Pensez aussi, dès cette étape, aux liens entre vos pages (le maillage interne) et au parcours du visiteur : par où il entre, ce qu’on lui propose ensuite, comment il arrive à vous contacter ou à acheter. Un parcours réfléchi en amont évite le site labyrinthe qu’on essaie de rafistoler une fois en ligne.
6. Prouver sa légitimité dès le départ (EEAT et SXO)
Google et les IA ne se contentent pas de lire votre contenu, ils cherchent à savoir si on peut vous faire confiance. C’est le sens de l’EEAT : Expérience, Expertise, Autorité, Fiabilité.
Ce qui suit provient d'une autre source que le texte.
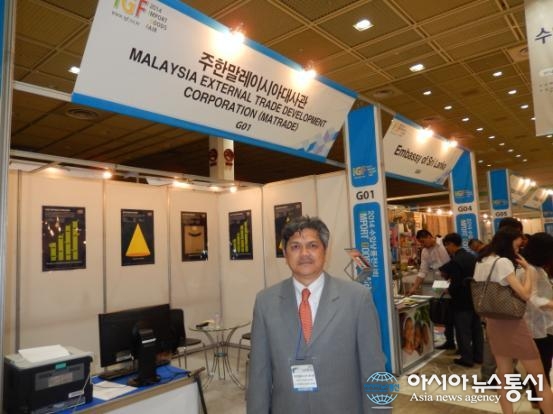 | 2014 수입상품전시회 마트레이브 부스 앞에서 라쉬드 모하마드 제인(A.Rashid Mohd Zain) 말레이시아 수출진흥공사 대표.(사진제공=마트레이드) |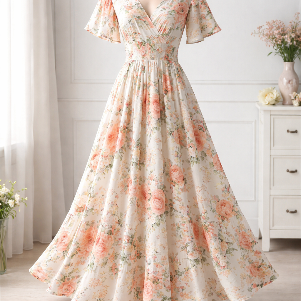 Design a simple maxi floral dress that is flair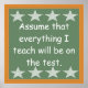 Hast du genug von deinen Schülern, die gefragt haben: "Wird das auf der Prüfung sein?" Stoppen Sie diese lästige Frage, indem Sie dieses Poster in Ihrem Klassenzimmer platzieren. Das Poster zeigt ein Bild von einer Tafel und Staaten in weißem Schriftart: "Nehmen Sie an, dass alles, was ich lehre, auf dem Test sein wird."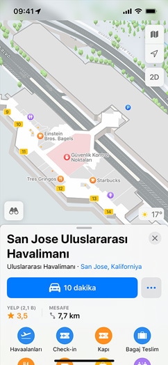 Gideceğiniz yeri seçin, interaktif yer kartında ihtiyaç duyduğunuz her şeyi bir bakışta görün. Adres, çalışma saatleri, web sitesi, telefon numarası gibi bilgilerin yanı sıra fiyat aralığı, fotoğraf galerileri, ilgili Rehberler, kabul edilen ödeme türleri, hatta köpeğinizle gidip gidemeyeceğiniz gibi birçok ayrıntıyı da görüntüleyin. Flyover veya Etrafa Bak’ı açarak konum ve çevresindekiler hakkında fikir edinin.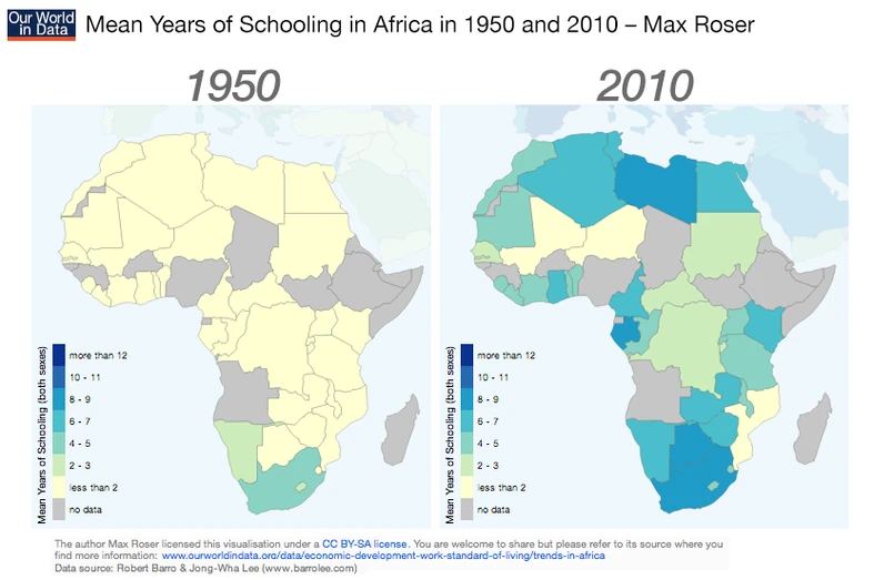 Najbardziej uderzającym korzystnym trendem na Czarnym Lądzie jest rozwój edukacji. Poniżej znajduje się mapa pokazująca, jak cały kontynent zaczął „chodzić” do szkoły: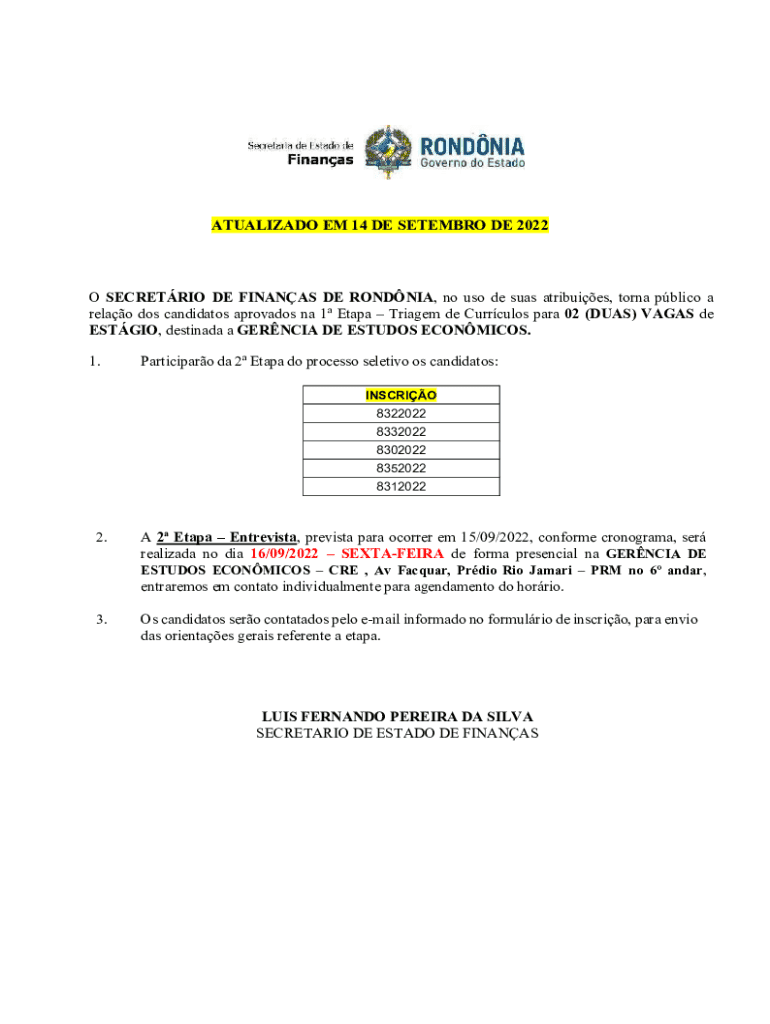 Obtenha o gratuito SEFIN-RO COMUNICADO - Aprovados na 1 Etapa - Assessor III
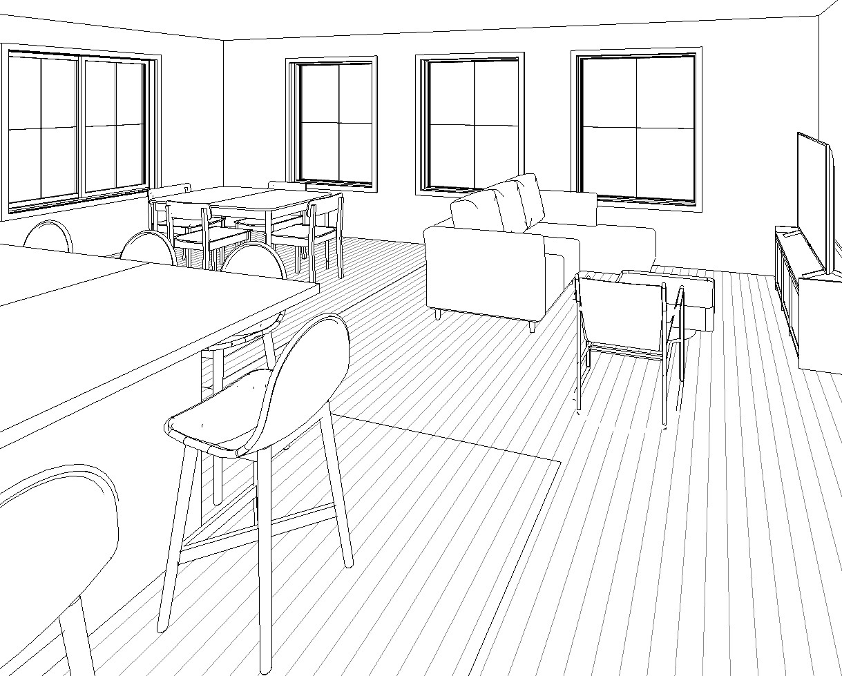 can you render this interior view for me i want the walls to be a warm white with light wide oak flooring marble countertops and black accents

En clair : montrez que vous savez de quoi vous parlez et qu’on peut vous croire.
Ça se prépare en amont, parce que ce sont des éléments concrets à rassembler : coordonnées réelles et visibles, avis clients authentiques, présentation de l’équipe avec de vraies photos, mentions légales complètes, et pour un blog, un auteur identifié. Un signal qu’on ne peut pas prouver ne vaut rien : « nous sommes experts » ne convainc personne, un cas client chiffré ou un avis vérifiable, oui. La question à se poser pour chaque élément : qu’est-ce qui, ici, ne peut être ni inventé par une IA ni copié par un concurrent ?
Le SXO complète l’EEAT : c’est le SEO pensé avec l’expérience utilisateur. Un site bien positionné mais pénible à utiliser ne convertit pas. Navigation claire, pages rapides, information facile à trouver : tout cela se conçoit avant, dans l’architecture et le choix des outils.
7. Penser la visibilité dans les IA, pas seulement dans Google
C’est le grand changement de 2026, et c’est l’étape que presque personne n’anticipe à la création. Être trouvé ne veut plus seulement dire « apparaître dans Google ». AI Overviews et AI Mode ne sont pas encore déployés en France, mais leur arrivée se prépare (Google l’a publiquement signalé sans encore avancer de date), et déjà de plus en plus de gens posent directement leurs questions à ChatGPT, Perplexity ou Gemini. L’objectif n’est plus seulement d’être classé, mais d’être cité dans la réponse générée. On appelle ça le GEO (l’optimisation pour les moteurs génératifs), et c’est le terrain où tout se rejoue.
La bonne nouvelle : ce qui plaît aux IA recoupe largement un bon référencement naturel. Trois réflexes à intégrer dès la conception. D’abord, donner la réponse en premier : un contenu qui répond clairement dès les premières lignes est plus facilement repris par une IA. Ensuite, les données structurées (un balisage technique qui aide les machines à comprendre qui vous êtes, vos services, vos avis) : à prévoir dès la création. Enfin, la cohérence de vos informations partout où votre marque apparaît (même nom, même adresse, même téléphone sur le site, Google, les annuaires, les réseaux) : une entité cohérente est plus facilement reconnue et citée.
L’enjeu vaut largement l’effort : un visiteur venu d’une IA convertit jusqu’à 4,4 fois mieux qu’une visite organique classique, parce qu’il arrive déjà convaincu par une recommandation. Anticiper sa visibilité dans les IA, c’est le métier d’une agence GEO. Penser cette visibilité dès le départ, c’est prendre une longueur d’avance que vos concurrents pris de court devront rattraper.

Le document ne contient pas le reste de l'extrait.